To NULL or Not to NULL, that is the Question
This story starts with a simple table:
CREATE TABLE dbo.person ( person_id INT NOT NULL IDENTITY(1,1) CONSTRAINT PK_person PRIMARY KEY CLUSTERED, first_name VARCHAR(100) NOT NULL, last_name VARCHAR(100) NOT NULL, email_address VARCHAR(100) NOT NULL, date_of_birth DATE NOT NULL);
After its release, a question is received regarding what to do if a person does not provide a date of birth. Following some discussion, it is decided that an unknown date of birth can be represented by NULL. The change is made:
CREATE TABLE dbo.person ( person_id INT NOT NULL IDENTITY(1,1) CONSTRAINT PK_person PRIMARY KEY CLUSTERED, first_name VARCHAR(100) NOT NULL, last_name VARCHAR(100) NOT NULL, email_address VARCHAR(100) NOT NULL, date_of_birth DATE NULL);
The change goes smoothly, but the next day a ticket is received that indicates searches based on date of birth no longer work. Apparently the application has no graceful way to deal with NULL. They ask instead for the column to be made NOT NULL and to include a dummy value for unknown values. Take 3:
CREATE TABLE dbo.person ( person_id INT NOT NULL IDENTITY(1,1) CONSTRAINT PK_person PRIMARY KEY CLUSTERED, first_name VARCHAR(100) NOT NULL, last_name VARCHAR(100) NOT NULL, email_address VARCHAR(100) NOT NULL, date_of_birth DATE NOT NULL CONSTRAINT DF_person_dob DEFAULT ('1/1/1900'));
Life goes on until one day an annoyed analyst asks you why there are so many people in the system that are exactly 121 years old. Some head-scratching and review of timing reveals that the default date of birth was polluting any date calculations that happened to use date of birth. In addition to absurd ages, the system was also sending out birthday offers to all people with the dummy date of birth, wishing them a happy birthday on January 1st.

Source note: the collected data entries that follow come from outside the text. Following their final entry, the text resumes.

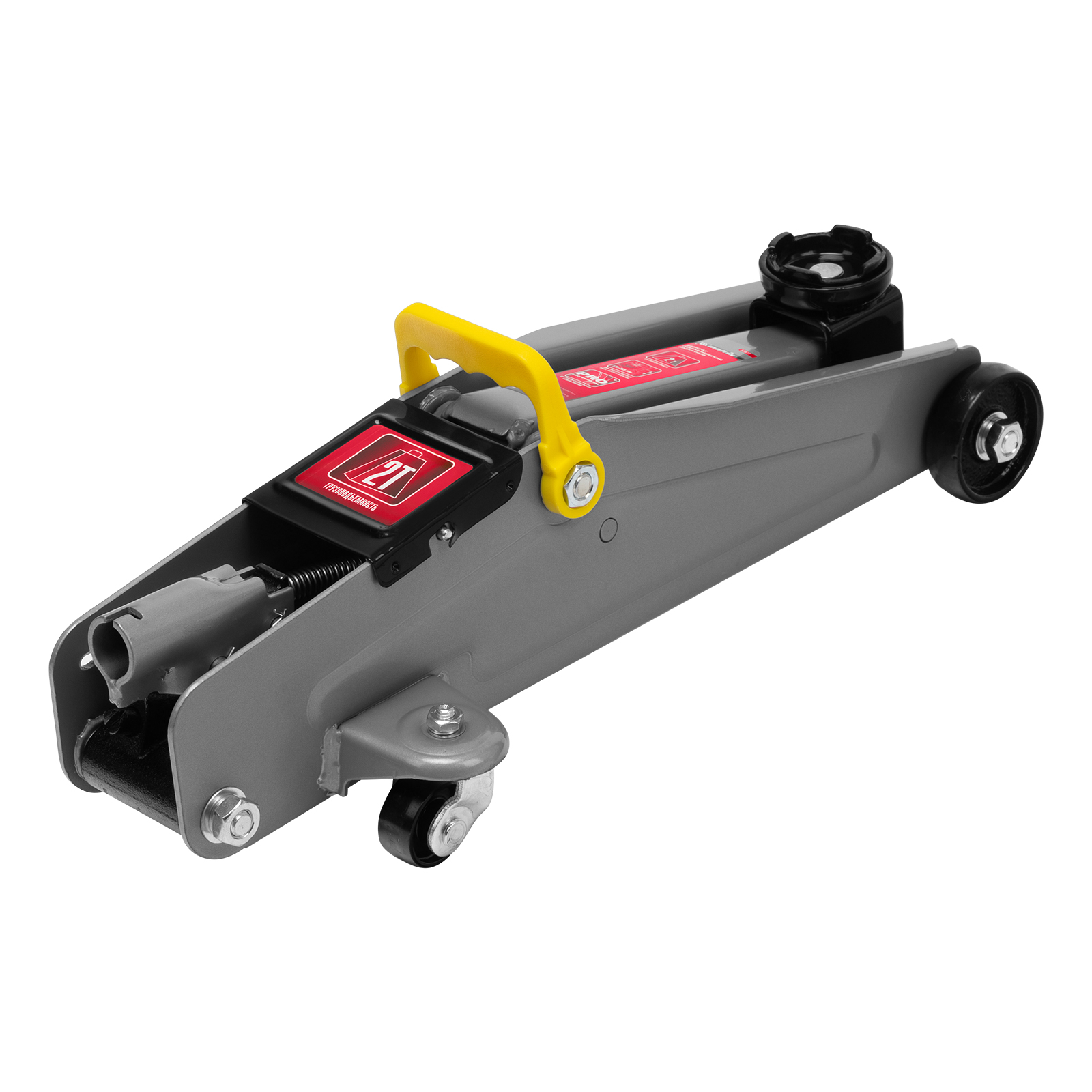 - Безопасная эксплуатация — предохранительный клапан препятствует подъему груза массой более 2 т, предотвращая поломку домкрата.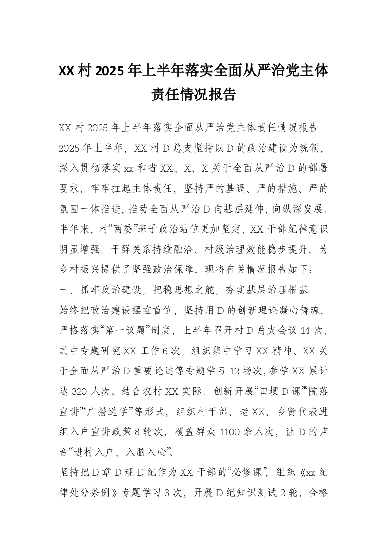 XX村2025年上半年落实全面从严治党主体责任情况报告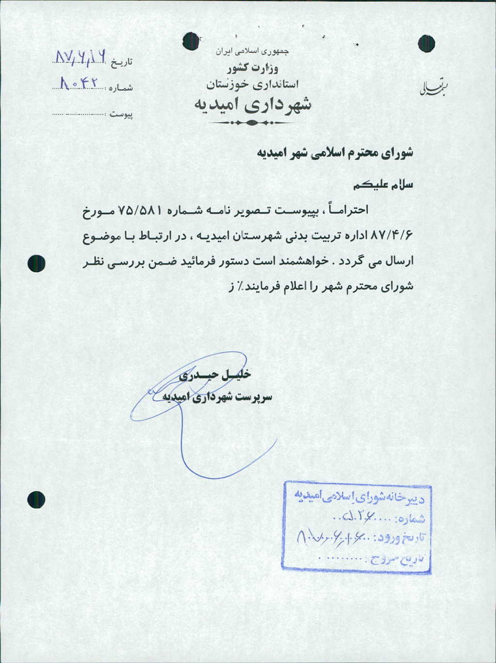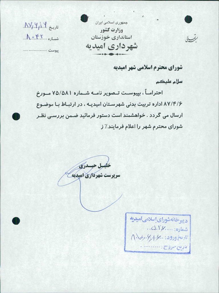 مصوبه شماره ۱ جلسه شماره ۲۷ شورای اسلامی شهر امیدیه

This sequence of events illustrates how a simple problem can result in real-world awkwardness. The easiest solution is to make the date of birth a required field at all levels of the application. This ensures that dummy data or NULL is not needed. Alternatively, if date of birth is truly optional, then a handful of legit solutions exist, including:
1. Make date_of_birth NULL and ensure that this is documented and handled effectively.
2. Normalize date_of_birth into a new optional table. This adds complexity and is not my preferred solution, but is a way to normalize, avoid NULL, and ensure data quality.
As always, before making decisions based on data, filter accordingly. If a data element is optional, then decisions made with that column need to properly omit or take into account scenarios where data is not provided.
Where Does This Lead Us next?
The moral of this short series of stories, code, and vague attempts at humor was to remind us that database architecture and performance optimization go hand-in-hand. Both address the same challenges in different ways and at different times within a software design life cycle.
Asking (and answering) good questions up-front can allow for better data architecture and remove the need for dramatic bug-fixes and changes later on. While not all problems can be proactively solved, a keen eye for detail can prevent many future problems ranging from inconveniences all the way to full-scale disasters.
As this list of design questions grows, so does our experience with seeking the answers to them and turning that information into well-architected database objects and code. We all have crazy stories of how bad data choices led to messy clean-up operations and those tales we share over a drink may very well be the motivation and foundation for future good database architecture decisions.